## DATA SHOWN
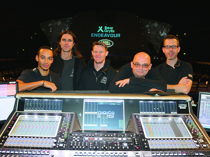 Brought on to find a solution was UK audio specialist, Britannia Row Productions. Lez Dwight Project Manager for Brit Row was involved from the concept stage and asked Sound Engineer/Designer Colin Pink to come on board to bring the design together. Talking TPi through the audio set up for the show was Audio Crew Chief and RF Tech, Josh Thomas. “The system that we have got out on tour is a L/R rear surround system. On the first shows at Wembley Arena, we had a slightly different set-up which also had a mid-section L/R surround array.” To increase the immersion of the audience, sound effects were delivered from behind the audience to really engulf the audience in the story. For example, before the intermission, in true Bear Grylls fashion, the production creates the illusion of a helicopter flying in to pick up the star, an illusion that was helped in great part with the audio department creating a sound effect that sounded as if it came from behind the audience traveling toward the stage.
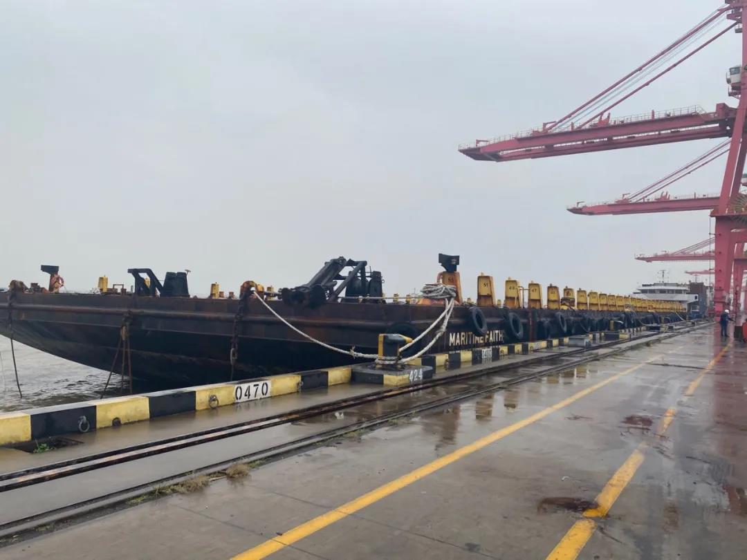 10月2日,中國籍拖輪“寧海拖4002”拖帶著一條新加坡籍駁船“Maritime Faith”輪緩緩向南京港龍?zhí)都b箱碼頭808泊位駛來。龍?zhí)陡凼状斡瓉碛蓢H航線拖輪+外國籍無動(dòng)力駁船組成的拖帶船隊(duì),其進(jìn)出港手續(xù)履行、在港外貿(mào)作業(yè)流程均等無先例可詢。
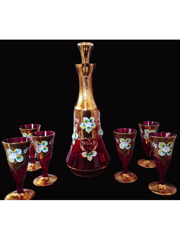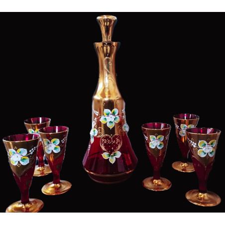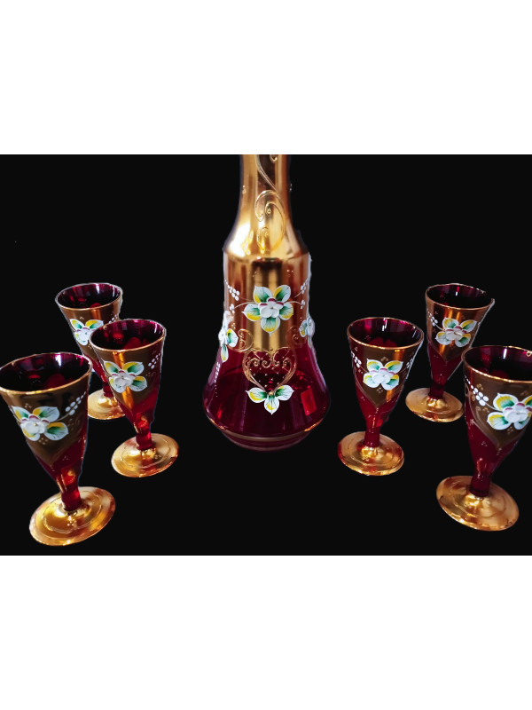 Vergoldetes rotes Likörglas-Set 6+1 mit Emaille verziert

--

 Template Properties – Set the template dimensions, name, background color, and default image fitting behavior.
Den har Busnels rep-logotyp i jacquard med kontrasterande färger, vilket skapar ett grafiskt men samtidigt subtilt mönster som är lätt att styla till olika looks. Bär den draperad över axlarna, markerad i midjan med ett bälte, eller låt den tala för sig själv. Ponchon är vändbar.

---

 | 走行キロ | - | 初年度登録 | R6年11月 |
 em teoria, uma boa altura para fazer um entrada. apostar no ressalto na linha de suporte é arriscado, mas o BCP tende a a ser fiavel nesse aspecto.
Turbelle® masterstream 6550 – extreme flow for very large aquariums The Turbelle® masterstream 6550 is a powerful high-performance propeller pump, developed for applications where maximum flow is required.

## ACTIVITY
Transcribe the records above from the line holding "em teoria, uma" down to the line holding "Turbelle® masterstream 6550 –", inclusive, without adding anything.

## TASK ANSWER
 em teoria, uma boa altura para fazer um entrada. apostar no ressalto na linha de suporte é arriscado, mas o BCP tende a a ser fiavel nesse aspecto.
Turbelle® masterstream 6550 – extreme flow for very large aquariums The Turbelle® masterstream 6550 is a powerful high-performance propeller pump, developed for applications where maximum flow is required.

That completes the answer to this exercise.